Alternatively, the conduit 23 may be run into the well without the
optical fiber 20. In this manner, the optical fiber 20 may be run
into the conduit 23 by pumping a fluid into the conduit 23 after
the casing and conduit 23 are cemented in place. The technique of
pumping the fiber 20 into a conduit by fluid drag is described in
United States Reissue Patent No. 37,283.
Referring to FIG. 7, in another embodiment of the invention, a
technique 60 may be used. Unlike the technique 40, the technique 60
includes placing the conduit 23 in the central passageway of the
casing string 24. In this manner, in the technique 60, the casing
string 24 is cemented (block 62) in place. Subsequently, the
optical fiber 20 is run (block 64) with the conduit 23 downhole.
Alternatively, the optical fiber 20 may be run into the conduit 23
via pumped fluid, as previously described, after the conduit 23 is
run downhole. Next, the technique 60 includes perforating (block
66) the well. Subsequently, a fluid efficiency test (that includes
introducing the test fluid) is performed (block 68) on the well,
and any corrective action that is needed is taken (block 70).
Fracturing is subsequently performed, as depicted in block 72.
FIG. 8 depicts a system 80 in accordance with the technique 60. In
this manner, the conduit 23 (containing the optical fiber 20) is
disposed inside a central passageway of the well casing string 24,
and the upper end of the optical fiber 20 is optically coupled to
the OTDR circuit 22.
FIG. 9 depicts another system 100 in which the conduit 23 is
located inside the central passageway of the casing string 24.
However, in the system 100, the conduit 23 is attached to another
tubing 150 that extends downhole.

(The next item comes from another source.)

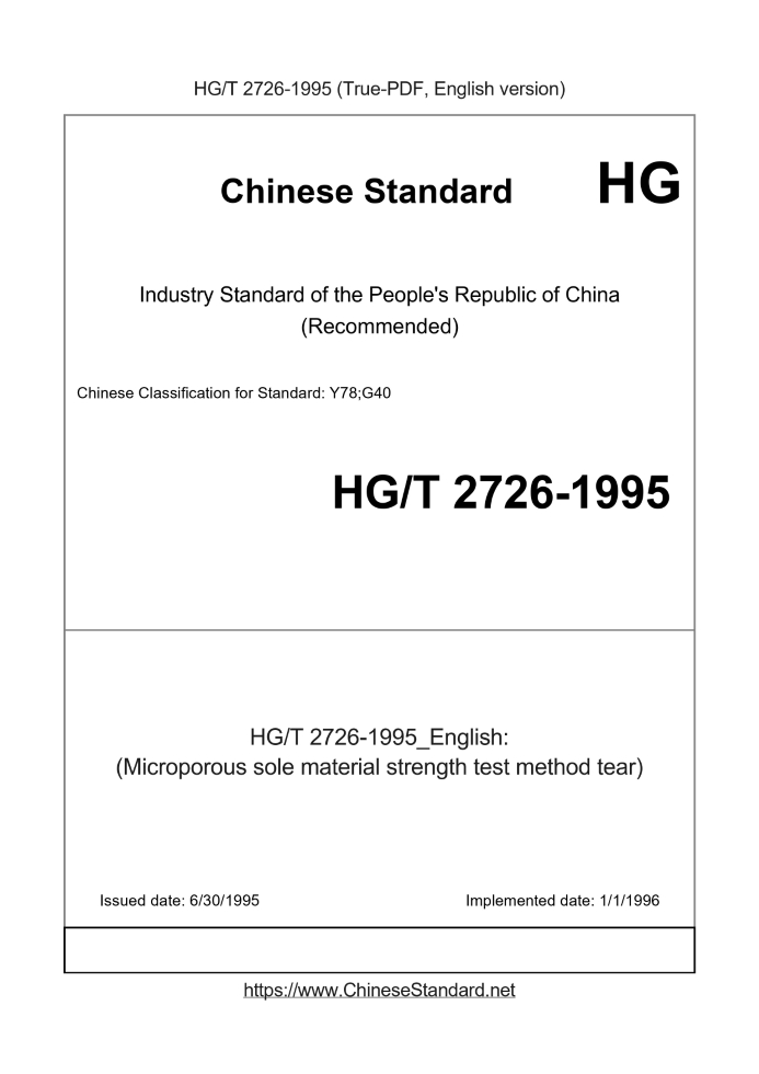 Delivery: <= 2 days. True-PDF full-copy in English will be manually translated and delivered via email. HG/T 2726-1995: (Microporous sole material strength test method tear)

In this manner, in the system
100, the conduit 23 may be attached via clamps or bands 154 (for
example) to the tubing 150. As an example, the tubing 150 may be
used for purposes of introducing the test fluid into the well,
communicating other fluid downhole, controlling a downhole tool,
etc.
In some embodiments of the invention, the tubing 150 includes a
perforated tail pipe section 152 that extends across the relevant
zone or zones. In some embodiments of the invention, the conduit 23
is placed in a position such that the perforation tunnels of the
well, such as the perforation tunnels 34, do not coincide with the
conduit 23. As an example, test fluid may be delivered into the
well via the perforated tail piper section 152. Furthermore,
fracturing fluid may subsequently be communicated into the well via
the section 152.
Other embodiments are within the scope of the following claims. For
example, in some embodiments of the invention, a distributed
temperature sensor may be deployed in a lateral well bore. Other
variations are possible.
While the present invention has been described with respect to a
limited number of embodiments, those skilled in the art, having the
benefit of this disclosure, will appreciate numerous modifications
and variations therefrom. It is intended that the appended claims
cover all such modifications and variations as fall within the true
spirit and scope of this present invention.